Market sizes and market potential are calculated bottom-up, using information from vendor input as well as publicly available information on company websites and in franchise disclosure agreements. 

The total size of the hotel industry, which informs our ability to calculate market sizes, is a point of contention in the industry. We have used industry sources and our own estimates to determine the size of the hotel industry in terms of hotels and rooms. 

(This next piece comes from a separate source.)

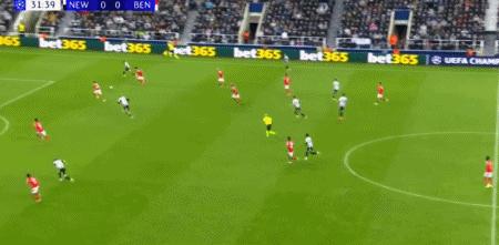 一射一傳助紐卡3-0擊敗本菲卡,安東尼-戈登當選全場最佳
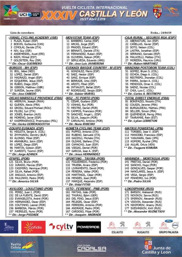 Mientras tanto, el único equipo World Tour presente en la Vuelta a Castilla y León, Movistar Team tendrá un siete compuesto por: Edu Prades, Carlos Barbero, Rubén Fernández, Nelson Oliveira, Eduardo Sepúlveda, Daniele Bennati y Jorge Arcas.

There are many estimates of the number of hotels in the world, with most somewhere between half a million and a million. We collected information from different sources to estimate the total number of hotels worldwide at 600,000

This is much higher than the often quoted STR figure, which is below 200,000. The STR estimate excludes properties with less than 10 rooms, and while known for its strong coverage of highly branded markets like the U.S., struggles to capture more independent markets in Europe and Asia.

Therefore, other sources were taken into consideration. Euromonitor International, a market research company which includes coverage on independent and chained hotels for 100 countries, estimates the market is just short of 600,000. Expedia asserts it has more than 600,000 properties on its platform, although this is likely to include more than just hotels.

Data on the number of rooms also shows extreme differences between sources. STR asserts that the average hotel has 92 rooms, while Euromonitor International puts this figure at 55. As both disregard small properties to different degrees, with STR particularly having limited coverage of independent and smaller hotels, we estimate that the average hotel has 50 rooms, to total 30 million rooms worldwide.

Revenue streams are calculated using input from participating vendors, taking into account the size of each vendor and their revenue breakdown. As participation increases, this data might change.